When Trump is finally turfed out of the White House, entering a media he plays so well is the logical next step.  

It’s been reported that he wants to “kill Fox” for its perceived disloyalty, with Trump TV.  

When it comes to real estate he’s a poor stick, as his repeated bankruptcies and the losses, revealed by the New York Times, facilitating minimal income tax payments, serve to prove.  

But as I’ve written before, it’s a completely different story when it comes to the business of celebrity. The impact of his endorsement on Newsmax speaks to that.  

Take CNN Business: it went from as little as 25,000 viewers thought the summer to 182,000 on election night, and approaching 350,000 in the aftermath. Its biggest shows, featuring people like Trump’s former spokesperson Sean Spicer, have approached 800,000 viewers.  

Suddenly, Newsmax is making the news as well as reporting on a highly slanted version of it.  

But despite the Trumpkins angrily tweeting their pledges to drop Fox in its favour, it doesn’t appear to have much hurt Rupert Murdoch’s network.  

Could Trump change that? He’d need some wrecking ball to do it.  

Fox is awful. But it’s slick and sharp with that awfulness; it’s a full service news network that the big cable providers have to carry; a moneymaking machine run by talented people that has survived multiple scandals, including a string of horrible sexual harassment lawsuits that spawned the movie Bombshell, two of whose female stars (Charlize Theron and Margot Robbie) picked up Oscar nominations.

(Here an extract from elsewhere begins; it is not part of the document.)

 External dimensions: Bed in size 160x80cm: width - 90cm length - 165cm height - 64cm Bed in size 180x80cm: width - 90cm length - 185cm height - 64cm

OAN and the newly empowered Newsmax are cheap and amateurish sideshows by comparison. But what about now that they are allied to Trump, with his formidable database of supporters who treat him like a god-emperor?

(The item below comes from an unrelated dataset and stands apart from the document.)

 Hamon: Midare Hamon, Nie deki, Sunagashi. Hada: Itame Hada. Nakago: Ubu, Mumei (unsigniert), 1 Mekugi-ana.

Starting his own network to take on the ratings behemoth of cable news would take money Trump just doesn’t have. Ditto expertise. Murdoch he ain’t.  

There have been suggestions that Trump could try using his database to launch a digital subscription-based service. This could make money, potentially a lot of it, but it wouldn’t have the same clout or reach.  

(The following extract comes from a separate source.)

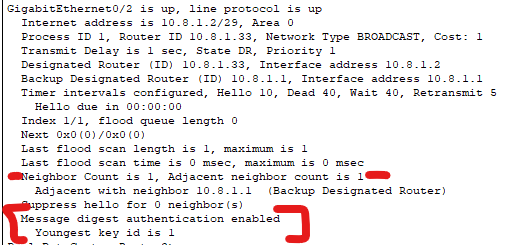 show ip ospf interface GigabitEthernet 0/1 | begin auth
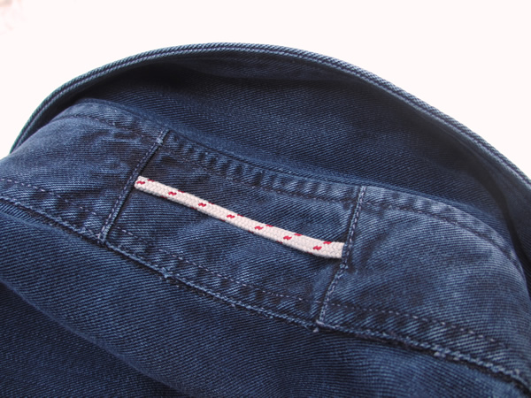 襟裏のハンガーループに左袖口剣ボロのトレードマークの”どんぐり”。”どんぐり”は、男の象徴なんです。

With legal issues to deal with, and maybe an eye on 2024, Trump needs maximum visibility.  

Paired with one or the other of Fox’s rivals, well, it’d make things interesting. Shares in Fox’s parent company have wobbled of late. Wall Street has some worries.  

Unless Fox decides to try and outbid them. Money can make friends of the bitterest of enemies and they aren’t as far apart as it might look. Trump still tweets approvingly of the friends he has at the network. Its opinion hosts have fully embraced the alternative reality in which he lives. If Trump decides he can’t beat them, he might just end up joining them.